Casting Director advice in Back Stage

I read a small thing this morning where a CD tells actors not to touch the CD during scenes where intimacy is part of the scene. She says not every CD was an actor so it’s not comfortable. Hmmm, where did we ever get the idea that CD’s were all actors at some point? Because a lot of them were and they take the time to remind us that they know our world intimately.

BUT this is good advice as you should treat them like they aren’t part of the scene because that’s how they like it. They believe they are just there to help you do both sides of the scene; yours and theirs. Wait… what? How can that be?

Well, even though they, as actors, never took an acting class where they did scenes with a partner who sat in the audience and simply threw them lines during the scene, that’s how they treat auditions. Why? Because that’s the system. They all agree that the best way to showcase talent is in a vaccum. It’s one sided, so as not to confuse the director with the performance of someone else. This is where your frustration of watching mediocre actors who are working starts.  Some actors audition very well, but when it comes time to making the scene work with another real actor, they don’t have the same skill. Real talent will prevail mind you, but this is what you are up against. The system.

It seems to fly in the face of when this same CD says -“I want (actors) to do the best job they can do, because then I can get the part cast and part of my job is done. I’m always rooting for the actor. If they do a good job, then I did a good job.” – doesn’t it? If they wanted your best work, wouldn’t they set it up like a scene, like it will be when you have to do the actual job? Why would they continue to make auditions about doing one-man shows with dialog…?

I have been the reader in many auditions and only because I made that happen. I was asked a few times but only after I made myself available and called requesting the position including that they wouldn’t have to pay me. I learned a lot about how actors treat the room and their work. It helped me audition better. I was also allowed, just a few times, to hear a bit of the dialog between readings and it’s not flattering. They’re just people, just like you, scared and insecure and hoping it all turns out okay. They have to decide on one of many versions of the same thing…you get to make decisions about one thing, you. So, see the advantage in that equation and make it a good one, live by it and show it off proudly. Within the system.

Then a bit later in the article this CD casually drops this bomb- “If you walk into the room and you give the best audition, and you look like the director’s ex-wife, you’re probably not going to get the job,” she says frankly. “There’s a human component in casting that people have to remember. You’re dealing with people’s emotions. So always do your best, and know at the end of the day that it doesn’t mean you did a bad audition if you didn’t get the part.”

There it is. They’re human. The system as flawed as it is, (except in theatre auditions where they always seem to have a reader)  promotes the flaws of a director who isn’t capable of seeing talent with the distraction of bad memories, while stating they are trying to get the best cast possible.

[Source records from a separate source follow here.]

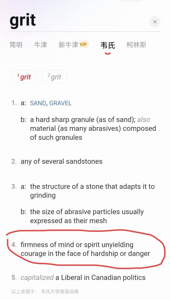 “毅力,是对长远目标的激情与坚持,是能够日复一日的奋斗直到实现梦想。毅力是把生活当作一场马拉松,而不是短跑。”
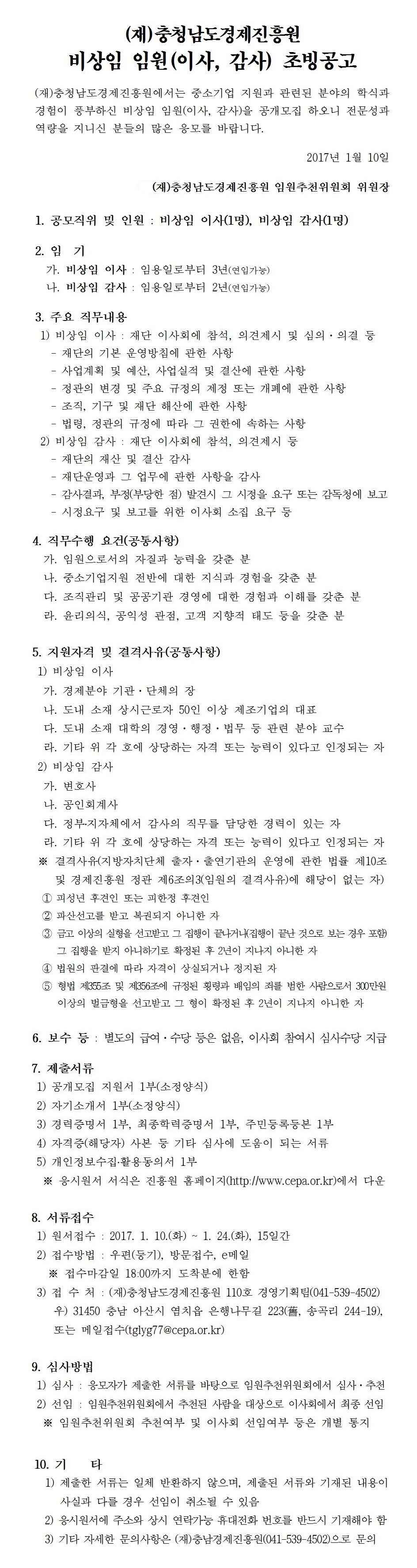 (재)충청남도경제진흥원 비상임 임원 초빙공고
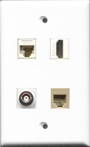 RiteAV 1 Port HDMI and 1 Port Phone RJ11 RJ12 Beige and 1 Port BNC and 1 Port Cat6 Ethernet White Wall Plate
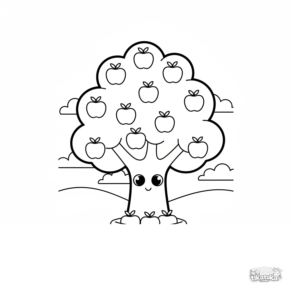 Lehrreiches Ausmalbild für Kinder 4-6: ein Apfelbaum mit zehn Äpfeln und ein Korb mit drei weiteren an der Basis helfen beim Zählen üben.
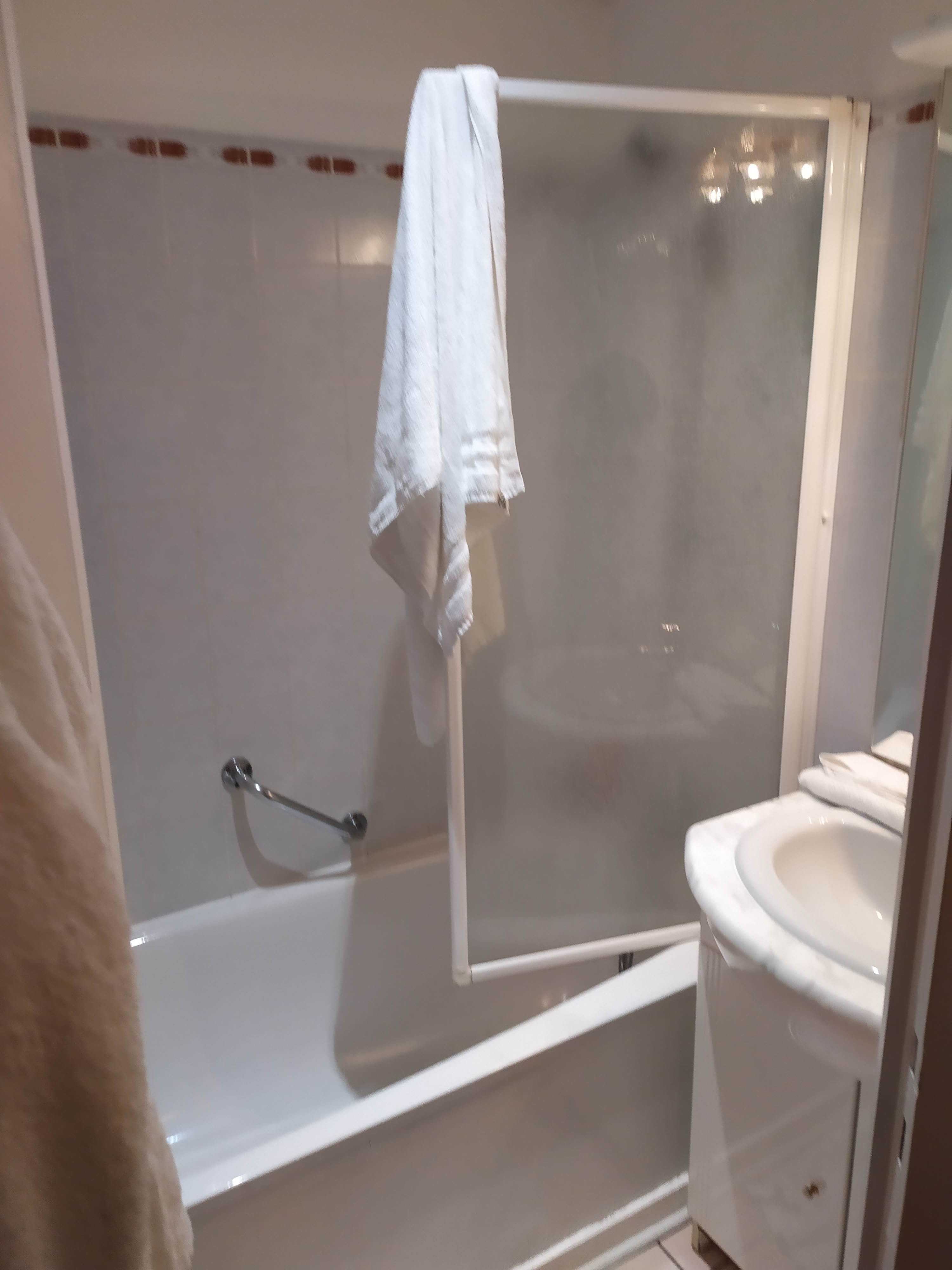 Hotel avec du potentiel , mais besoin de renouveau . Aménagement à revoir et à moderniser . Rares sont les douches , plutôt des baignoires . Accueil moyen , il a fallu demander les serviettes de toilette à l'arrivée. Pas de peignoirs ni serviettes piscine , A demander . Pas de livret d'accueil dans les chambres , comment appeler la réception de notre chambre ? Mais personnel à l'écoute désireux de mieux faire . Pas vraiment des pro . Mais bonne volonté le restaurant est servi par des gens par contre compétents et très agréables. Cuisine bonne et servi avec soin Les prestations annexes de bien être sont très bien , personnel très professionnel. Demande à s'améliorer, mais bon potentiel . Jardin agréable.
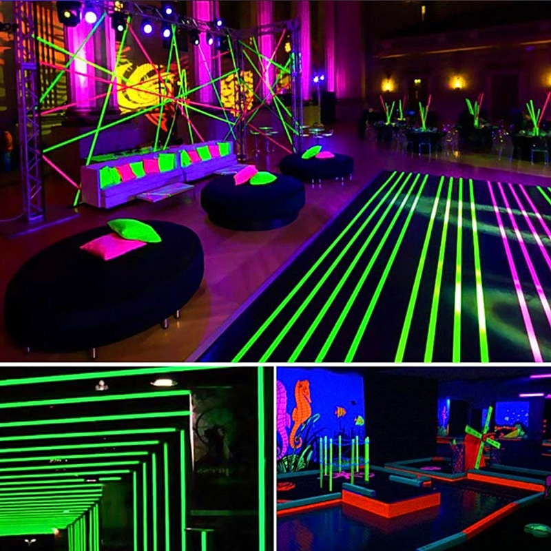 - Ne laisse aucun résidu ou résidu : Le ruban adhésif réactif à la lumière noire UV a été conçu pour ne laisser aucun résidu sur la plupart des surfaces. Peut être collé sur n’importe quelle surface sèche, y compris le carrelage, le verre, les vêtements, les tapis, le bois, le plastique, etc. Le ruban adhésif néon est solide, durable, imperméable et peut être utilisé sans affecter même si vous marchez plusieurs fois.

This is what we are up against and it’s also the thing that allows our humanity to be the very thing that allows a director to choose us, even when he can’t explain exactly why. These little nuances that might drive your logical brain nuts should also give your creative brain comfort because it says you can’t know what’s the right thing to do to get the part. You can only be your full, true, self and apply that to the page and allow the “human component” to work in your favor.